In a post on its Windows Team blog, Microsoft is setting out the "numbers that matter" after a year of Windows Phone 7's existence. Let's peep at what Microsoft is prepared to share:
- 1.5 million downloads of the Windows Phone Developer tools
- 36,000 people paid to join the WPD AppHub as official developers
- 11,500 apps in store--quality over "tonnage"
- 10,000 apps available faster than "anyone else, without padding the stats"
- 7,500 apps that are paid downloads
- 1,200 new developer registrations per week
- 1,100 apps generating revenue for developers through MS ads
- 12 average app downloads per month per phone owner
- 1.8 days average app certification time ("not weeks, or months")
- 62% of apps passing certification first time
- 44% of apps include access to a trial version
- 40% of registered developers who've released an app
Microsoft seems most excited about that last statistic (it's "incredibly exciting when you consider the amount of creativity which is still forthcoming") but skeptics could easily see the statistic in its other light: The majority of developers have decided, after four months of Windows Phone 7 being on sale, not to release an app.
Indeed, a skeptical eye could turn many of these "positive" statistics on their heads. Reaching 10,000 apps faster than Google or Apple did sounds great, until you realize that MS's job was really made easier by Apple's effort, which first facilitated Google's effort--and now the public, and coder community, knows how lucrative apps could be. Twelve app downloads per month also seems good, but if you remember research from Apple's app store about how many apps people regularly use, the percentage of these 12 apps that users actually open even a second time (let alone use frequently) is likely to be tiny. Less than two days for an app certification is certainly speedier than Apple's developer teams typically encounter--but then MS's approvals team isn't getting apps submitted at a ridiculous rate of a thousand per day.
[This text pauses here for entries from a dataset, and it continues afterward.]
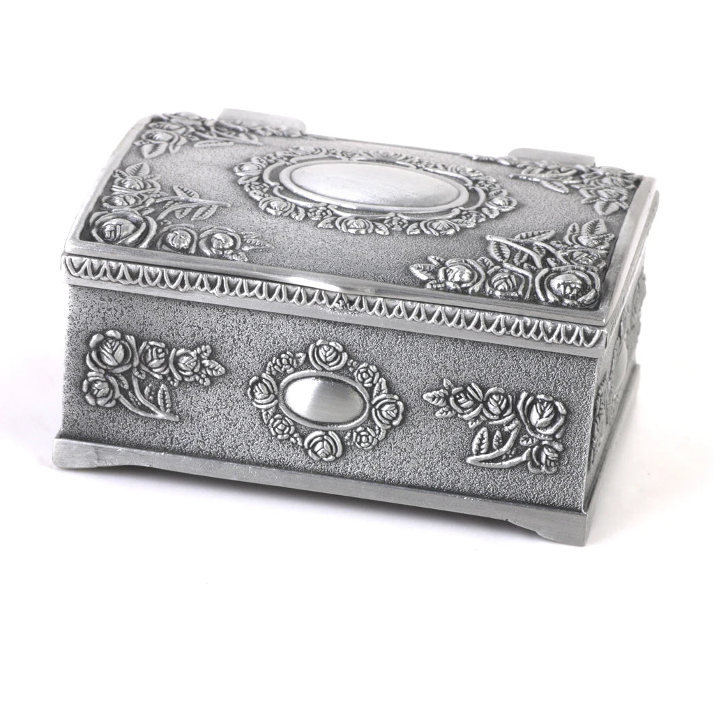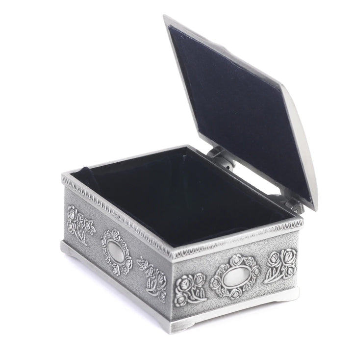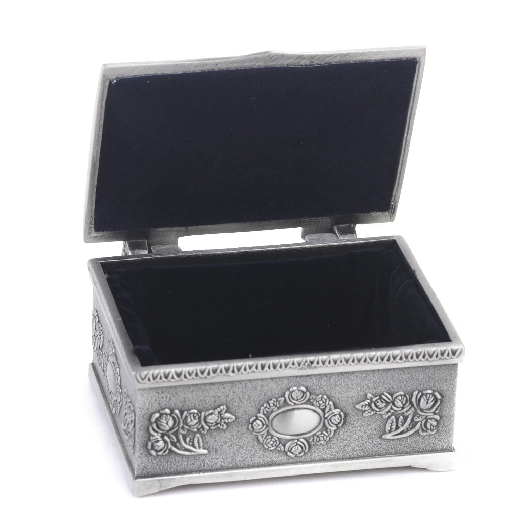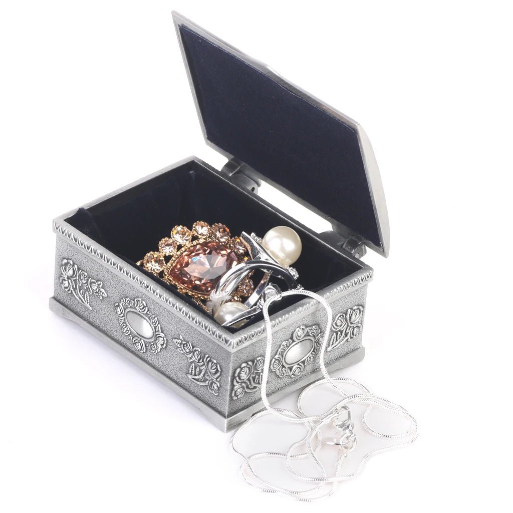 صندوق مجوهرات من القصدير مبطن بحشوة مخملية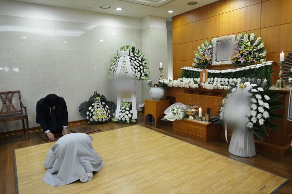 - 빈소에 방문하여 상주께 인사를 드린 후 영정 앞에서 무릎을 꿇고 앉아 분향합니다.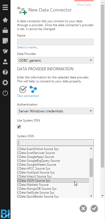 - Dundas BI の Data Connector を設定します: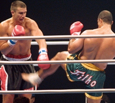 Stefan Leko (The Finesse Fight) This classic young lion-old lion battle ended with the old lion making no errors defensively and shutting out the young lion. To make matters worse for Leko, he was hit while throwing a high kick and lost his footing. The referee originally called it a slip then changed his mind and called it a down. As quick a Leko was, he just couldn't solve the puzzle in time or make up for the spread in points. Hoost by decision. Jerome LeBanner vs.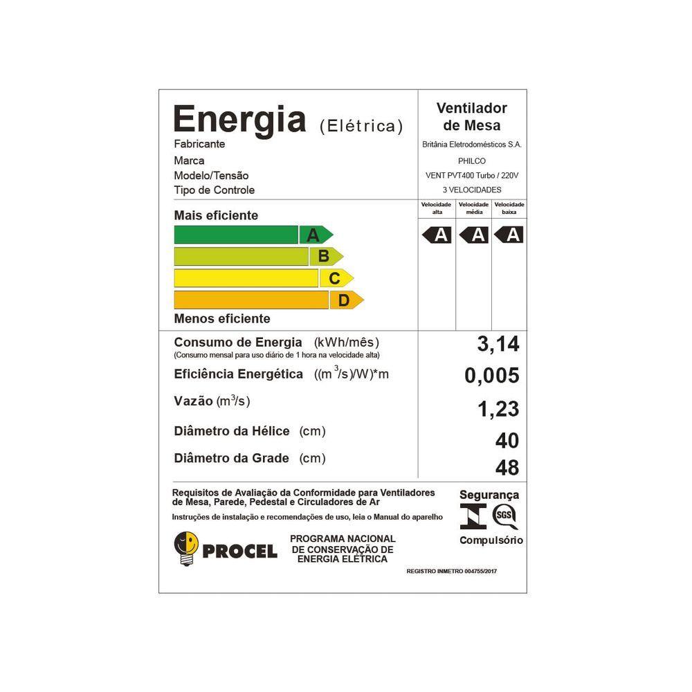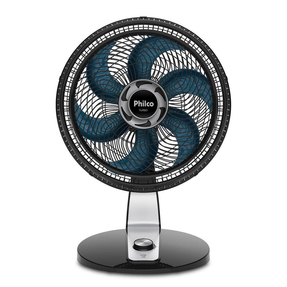 Ventilador Philco 2 em 1 Turbo 160W PVT400AZ 220VO Ventilador Philco 2 em 1 Turbo 160W PVT400AZ possui hélice com 6 pás e diâmetro de 40cm que garantem um excelente desempenho de ventilação.Conta ainda com 160W de potência e 3 velocidades, que variam entre mínima, média e máxima, além de sistema oscilante que permite ampla distribuição do ar no ambiente. Na hora da limpeza, pode ficar tranquilo, pois sua grade plástica é removível, facilitando o processo. Com inclinação vertical regulável você garante melhor direcionamento do fluxo de ar do seu Ventilador Philco, enquanto o fusível térmico proporciona maior segurança e durabilidade. Ventilador Philco 2 em 1 Turbo 160W PVT400AZ é silencioso e deixa o ambiente perfeito em todos os momentos!- 3 velocidades- Hélice com 6 pás- Grade que obedece às normas de segurança (contato com partes móveis)- Oscilação horizontal automática com novo sistema de acionamento (botão integrado ao corpo)- Novo sistema de articulação para ajuste da inclinação vertical (sem borboleta)- Pode ser fixado na parede- Porta-fio- Novo sistema de travamento entre grade frontal e traseira- Remoção da grade frontal, conforme normas de segurança- Motor com fusível térmico de segurança- Alça na grade traseira para transportar o aparelho- Painel decorativo na base.Especificações Técnicas:Marca: PhilcoModelo: PVT400AZEstado: NovoCor das Pás: AzulQuantidade de pás: 6Potência (W): 160WTipo: De mesaDiâmetro (cm): 40Função repelente: NãoMaterial das Pás: PlásticoAltura do produto: 61 cmLargura do produto: 47,5 cmComprimento do produto: 32,5 cmPeso do produto: 3,235 kgAltura com embalagem: 48 cmLargura com embalagem: 48,5 cmComprimento com embalagem: 26,2 cmPeso com embalagem: 4,02 kgGarantia (Dias): 360Observação: Somente faturamos para o nosso consumidor final, ou seja, não faturamos pedidos para CNPJ por este portal de vendas;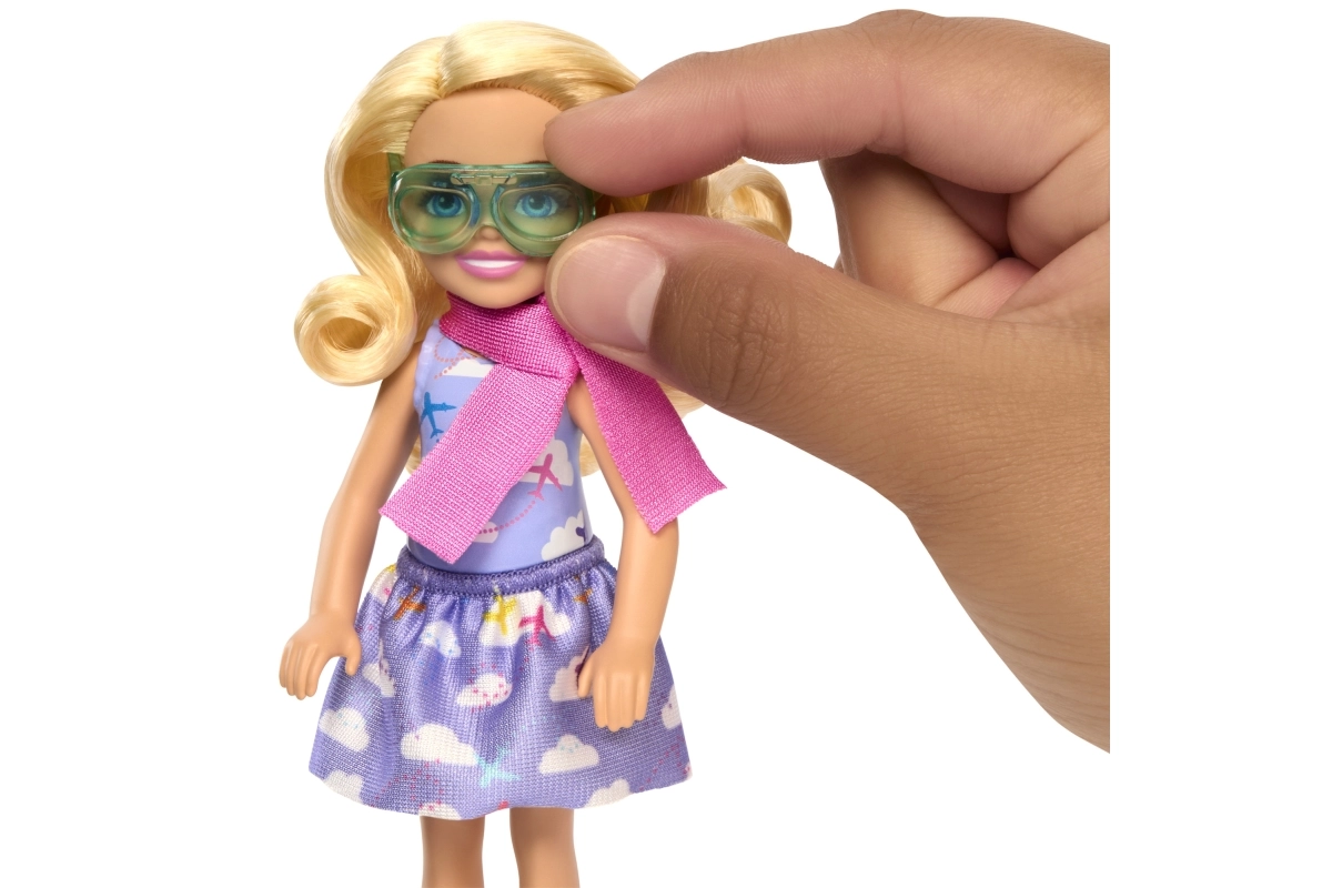 Η κούκλα φοράει χαριτωμένο φόρεμα με στάμπα σύννεφα, κομψό ροζ φουλάρι και προστατευτικά γυαλιά. Τα αξεσουάρ – βαλίτσα, αυτοκόλλητα και γυαλιά για την κούκλα και το σκυλάκι – απογειώνουν το παιχνίδι σε θεματικές αποστολές, ταξίδια και αφήγηση προσωπικών ιστοριών. Ιδανικό δώρο για παιδιά από 3 ετών που αγαπούν τα αεροπλάνα, τα ταξίδια και τον κόσμο της BARBIE και της CHELSEA.

And 44% of apps including a trial version is also neat--but how many users actually convert those free trials into a real purchase of the 65% of apps that come with a price tag?
The most interesting number of all, the one that many people would like to see, is hard data on exactly how many consumers have bought a Windows Phone 7 device. That figure would tell us how many apps have actually been downloaded, and thus (with a guess about pricing), how much money they've made for Microsoft. It would also tell us whether the phones have been a success in the smartphone marketplace, although indirectly we hear they're not.
Microsoft is, according to high-profile research published this week, likely to capture around 20% of the smartphone market inside five years--even challenging Apple's projected market share. And slightly ailing global phone giant Nokia has now propped much of its future on MS's code. So these kind of statistics are vital for predicting how the smartphone future may play out.